Weak and mild solutions to the MHD equations and the viscoelastic Navier-Stokes equations with damping in Wiener amalgam spaces

TL;DR

This paper establishes the existence and properties of weak and mild solutions for 3D incompressible MHD and viscoelastic Navier-Stokes equations with damping in Wiener amalgam spaces, extending previous frameworks.

Contribution

It introduces new existence results for solutions in Wiener amalgam spaces and extends properties of local energy solutions for these complex fluid models.

Findings

Existence of mild solutions in Wiener amalgam spaces.

Construction of global-in-time local energy weak solutions.

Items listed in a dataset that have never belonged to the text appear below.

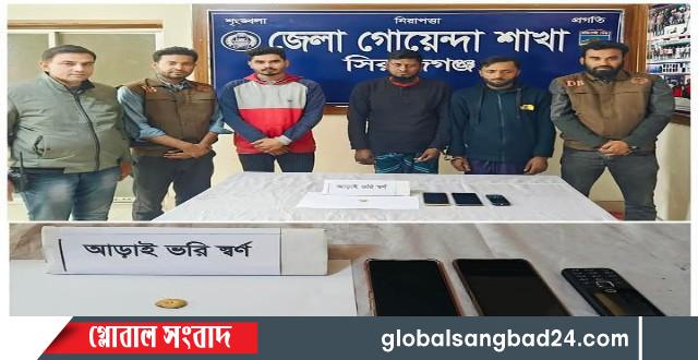 এ সময় তাদের কাছ থেকে আড়াই ভরি গলিত সোনা, ০৩ টি মোবাইল ফোন, ০১ টি এলইডি টিভি, ০১ টি ডিসকভার মোটরসাইকেল উদ্ধার করা হয়।
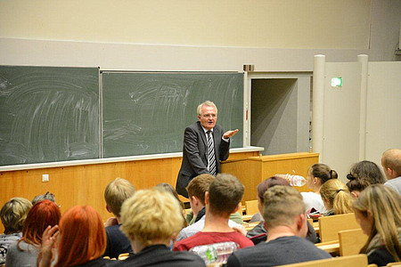 Rainer Wieland rief die Studierenden zu mehr Engagement in und für Europa auf: Weder eine geringe Wahlbeteiligung noch Desinteresse für Dinge, die nicht unmittelbar angingen, würden Europa voranbringen. Mitgestalten könne jeder, überall. Der sich in Gründung befindliche EUD Landesverband Sachsen böte beispielsweise eine gute Gelegenheit für das europäische Engagement vor Ort. Prof. Dr. Niedobitek, Inhaber der Jean-Monnet-Professur für Europäische Integration der TUC, der die Diskussionsveranstaltung moderierte, betonte in diesem Zusammenhang, dass es lohnenswert sei erlernte europarechtliche Theorie mit Erfahrungen aus der politischen Praxis zu vereinen.
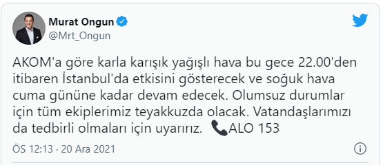 "AKOM'a göre karla karışık yağışlı hava bu gece 22.00'den itibaren İstanbul'da etkisini gösterecek ve soğuk hava cuma gününe kadar devam edecek. Olumsuz durumlar için tüm ekiplerimiz teyakkuzda olacak. Vatandaşlarımızı da tedbirli olmaları için uyarırız."
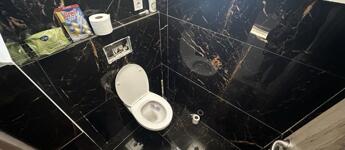 A tégla falazaton belül igényes, modern belső tér fogad minket.
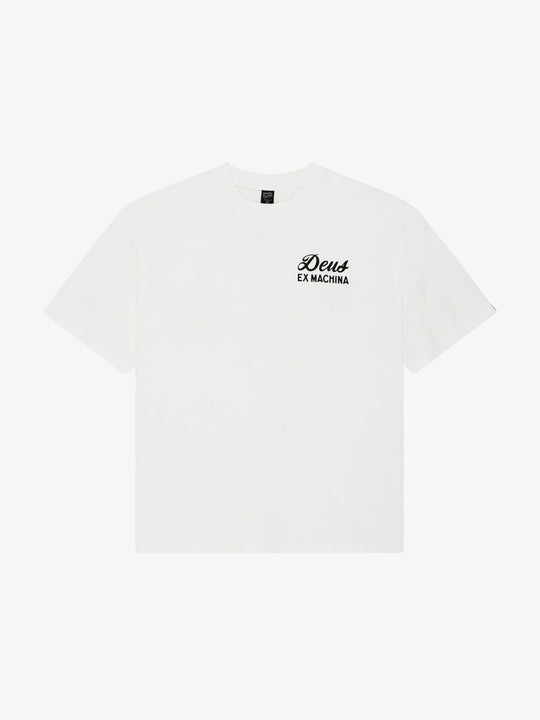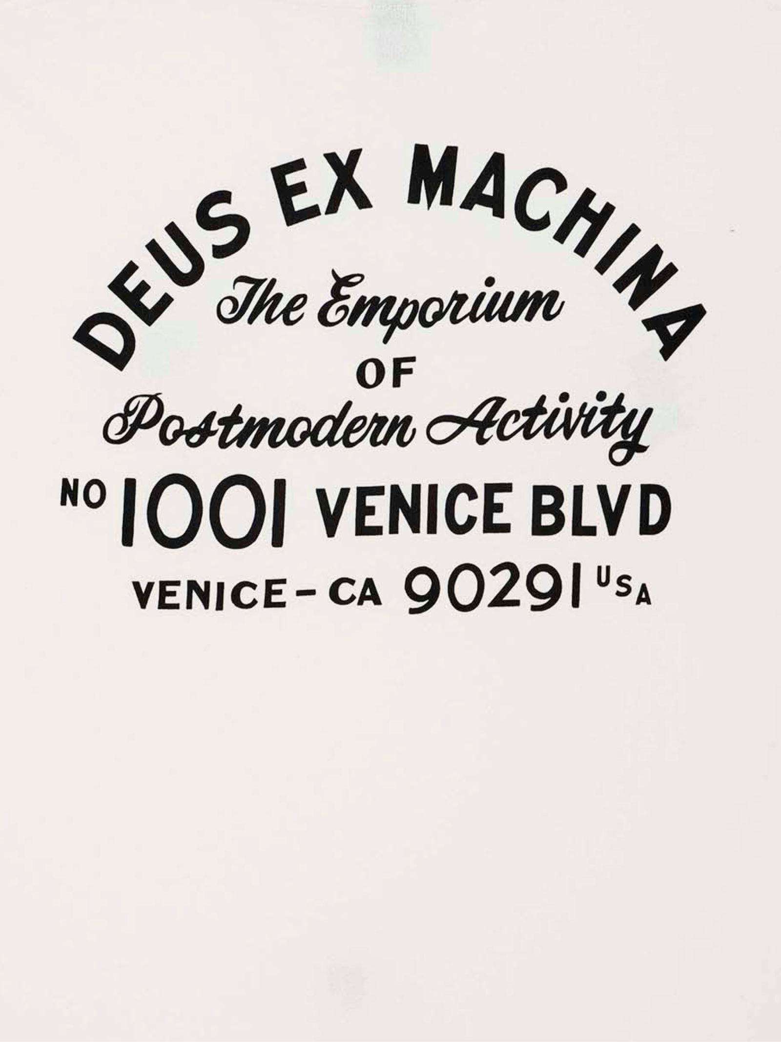 The Venice Sign Tee by Deus is a classic short sleeve t-shirt featuring a relaxed fit and heritage-inspired graphic branding. This garment is defined by a small script "Deus Ex Machina" logo on the left chest and a large-scale address graphic centered across the rear.
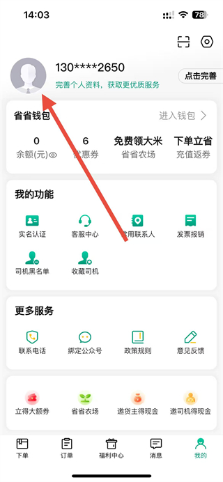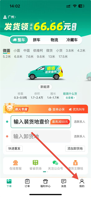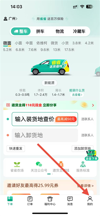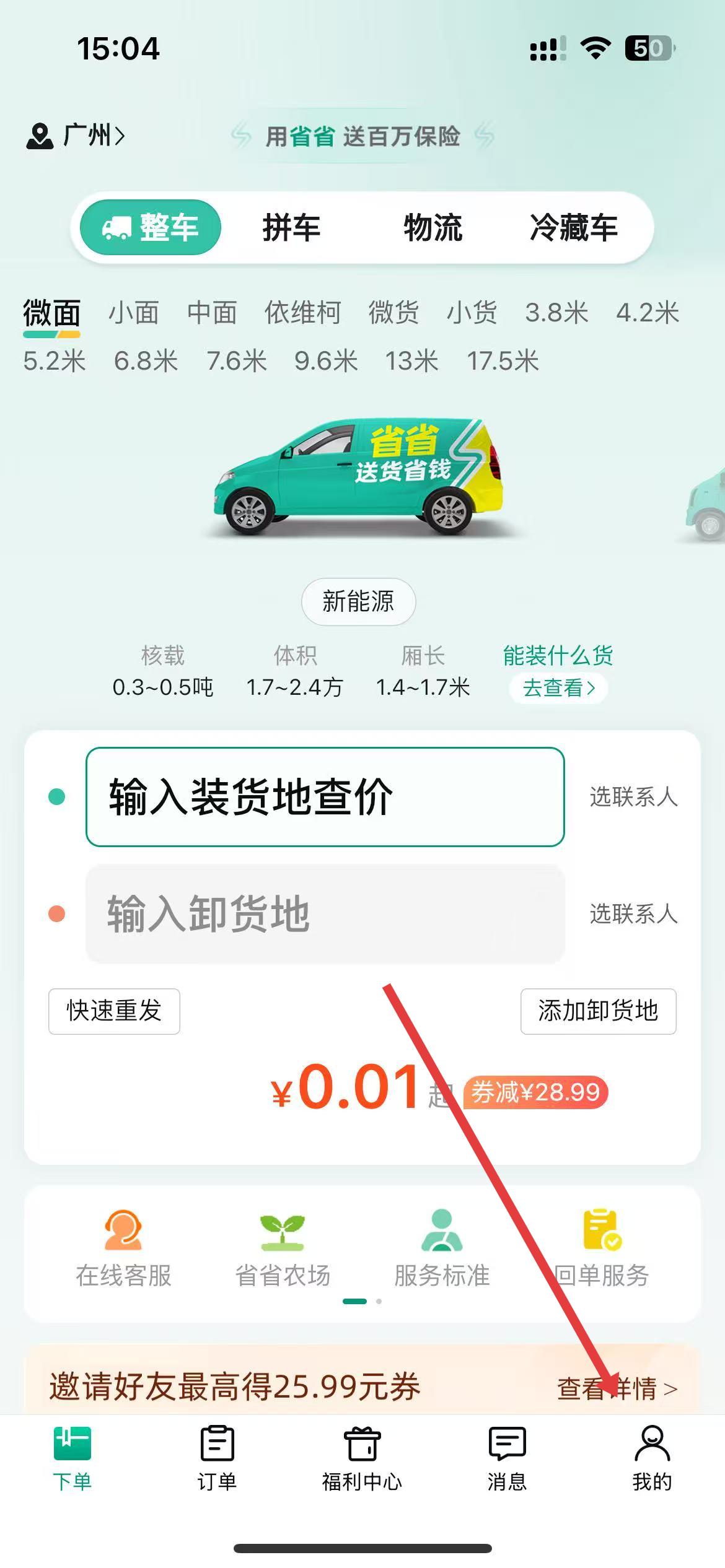 1、在省省回頭車首頁,點擊右下角我的進入個人頁面。

Extension of regularity and uniqueness results for initial data in $L^2_{uloc}$.

Abstract

We study the three-dimensional incompressible magnetohydrodynamic (MHD) equations and the incompressible viscoelastic Navier-Stokes equations with damping. Building on techniques developed by Bradshaw, Lai, and Tsai (Math. Ann. 2024), we prove the existence of mild solutions in Wiener amalgam spaces that satisfy the corresponding spacetime integral bounds. In addition, we construct global-in-time local energy weak solutions in these amalgam spaces using the framework introduced by Bradshaw and Tsai (SIAM J. Math. Anal. 2021). As part of this construction, we also establish several properties of local energy solutions with $L^2_{\rm uloc}$ initial data, including initial and eventual regularity as well as small-large uniqueness, extending analogous results obtained for the Navier-Stokes equations by Bradshaw and Tsai (Comm. Partial Differential Equations 2020).